TF-IDF values for all documents:

Document 1:
  the: 0.25
  sky: 0.305
  is: 0.274
  blue: 0.349

Document 2:
  the: 0.25
  sun: 0.274
  is: 0.274
  bright: 0.274

Document 3:
  the: 0.286
  sun: 0.157
  in: 0.2
  sky: 0.175
  is: 0.157
  bright: 0.157

Document 4:
  we: 0.155
  can: 0.155
  see: 0.155
  the: 0.222
  shining: 0.155
  sun: 0.244
  bright: 0.122


In [12]:
# ---------------------------
# 10️⃣ Create Vocabulary
# ---------------------------
all_words = sorted(list(set(word for doc in corpus for word in doc)))
vocab_size = len(all_words)

print("Vocabulary size:", vocab_size)
# print("Vocabulary:", all_words)

Vocabulary size: 11


In [13]:
# ---------------------------
# 11️⃣ Create TF-IDF Document Vectors
# ---------------------------
import numpy as np

tfidf_vectors = []
for tfidf_doc in tfidf_docs:
    vector = np.zeros(vocab_size)
    for i, term in enumerate(all_words):
        vector[i] = tfidf_doc.get(term, 0.0) # Get TF-IDF value, or 0 if term not in doc
    tfidf_vectors.append(vector)

# Convert to a NumPy array for easier manipulation
tfidf_vectors = np.array(tfidf_vectors)

print("\nTF-IDF Document Vectors (shape):", tfidf_vectors.shape)
# print("\nTF-IDF Document Vectors:\n", tfidf_vectors)
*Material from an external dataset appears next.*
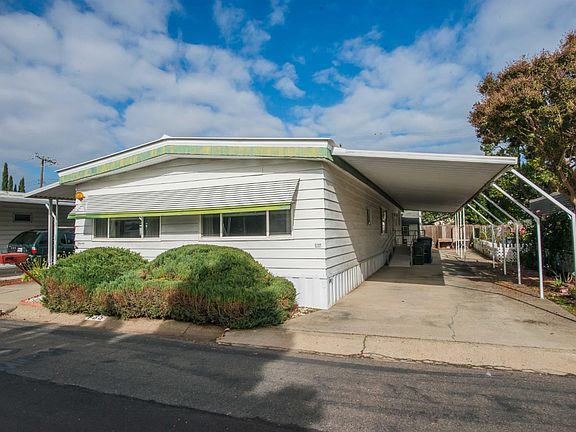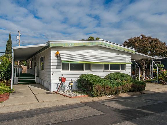 Charming Home in a 55+ Active Community! Enjoy comfort and convenience in this well-maintained 2-bedroom, 2-bath home featuring a spacious family room with a cozy fireplace. Relax on the newly updated deck or take advantage of the high, wide carport with an 11x17 storage shed. A sturdy metal ramp provides easy access to the home perfect for added convenience or accessibility needs. Recent updates include a 2018 roof, PG&E upgraded HVAC and water heater, and updated plumbing. The kitchen offers a gas cooktop, stainless double sink, pocket door, 2023 Maytag oversized refrigerator with double doors freezer on the bottom, 2023 Maytag stainless steel dishwasher and large pantry storage. Nearly every window is dual-pane for energy efficiency, and five solar tubes fill the home with natural light. The primary suite features elegant large tile flooring and an updated walk-in shower, creating a stylish and comfortable retreat. There is a massive updated closet storage system in the primary bathroom and bedroom. Conveniently located near the freeway, shopping, and popular dining options, this move-in-ready home is packed with upgrades and nestled in a vibrant, active 55+ community. A must-see!

TF-IDF Document Vectors (shape): (4, 11)


In [14]:
# ---------------------------
# 12️⃣ Print TF-IDF Document Vectors
# ---------------------------
print("\nTF-IDF Document Vectors:\n", tfidf_vectors)


TF-IDF Document Vectors:
 [[0.349485   0.         0.         0.         0.2742275  0.
  0.         0.30546219 0.         0.25       0.        ]
 [0.         0.2742275  0.         0.         0.2742275  0.
  0.         0.         0.2742275  0.25       0.        ]
 [0.         0.15670143 0.         0.19970572 0.15670143 0.
  0.         0.17454982 0.15670143 0.28571429 0.        ]
 [0.         0.12187889 0.15532667 0.         0.         0.15532667
  0.15532667 0.         0.24375778 0.22222222 0.15532667]]


The `tfidf_vectors` array now contains the TF-IDF vector representation for each document. Each row corresponds to a document, and each column corresponds to a unique word in the vocabulary.

 The zeros in the TF-IDF document vectors indicate that a particular word from the overall vocabulary does not appear in that specific document.

The TF-IDF value for a term in a document is calculated as:

TF-IDF = Term Frequency (TF) * Inverse Document Frequency (IDF)

Let's look at why the product can become zero:

Term Frequency (TF): This is the number of times a term appears in a document, divided by the total number of terms in that document. If a term does not appear in a document at all, its TF is 0.
Inverse Document Frequency (IDF): This measures how common or rare a term is across the entire corpus. Even if a term appears in only one document, its IDF value will be greater than 0 (due to the smoothing added in the calculation math.log10((N + 1) / (containing_docs + 1)) + 1).
Therefore, the product of TF and IDF becomes 0 only when the Term Frequency (TF) is 0. This happens when a word is part of the overall vocabulary but does not exist in a particular document. The zero in the vector at the position corresponding to that word simply reflects its absence in that document.

In summary, the zeros in the TF-IDF matrix represent the absence of a specific word in a specific document.